Introduced a comprehensive framework for analyzing adversarial attacks on LLM-as-a-judge systems, distinguishing between content-author and system-prompt attacks.
Evaluated five LLM models and multiple attack variants, demonstrating that sophisticated attacks can achieve up to 73.8% success rates, particularly against smaller models.
Demonstrated the effectiveness of multi-model committees as a robust defense mechanism, reducing attack success rates significantly (by up to 47 points) when compared to individual models.
Provided rigorous experimental validations across diverse evaluation tasks, revealing significant differences in model vulnerability based on architecture and task type.
Proposed novel attack strategies, including the Adaptive Search-Based Attack, which outperformed existing methods like Universal-Prompt-Injection and AdvPrompter.

💡 Why This Paper Matters

This paper provides crucial insights into the vulnerabilities of LLM-as-a-judge systems to adversarial attacks and presents a systematic approach to evaluating and defending against these attacks. Its findings underscore the need for enhanced security measures in deploying AI systems used for high-stakes evaluations, making it a pivotal contribution to the field of AI safety.

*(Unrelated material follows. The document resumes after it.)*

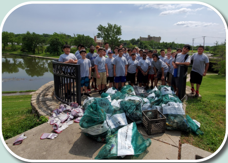
Stream Team 5390 proudly display their haul from Brush Creek in Jackson County.

🎯 Why It's Interesting for AI Security Researchers

AI security researchers would find this paper relevant because it addresses the pressing issue of adversarial vulnerabilities in powerful LLMs, which are increasingly used in sensitive applications. The paper not only identifies critical weaknesses but also presents novel methodologies and defenses for improving the safety and reliability of LLM-as-a-judge systems, fostering a deeper understanding of adversarial mechanisms and effective countermeasures in AI.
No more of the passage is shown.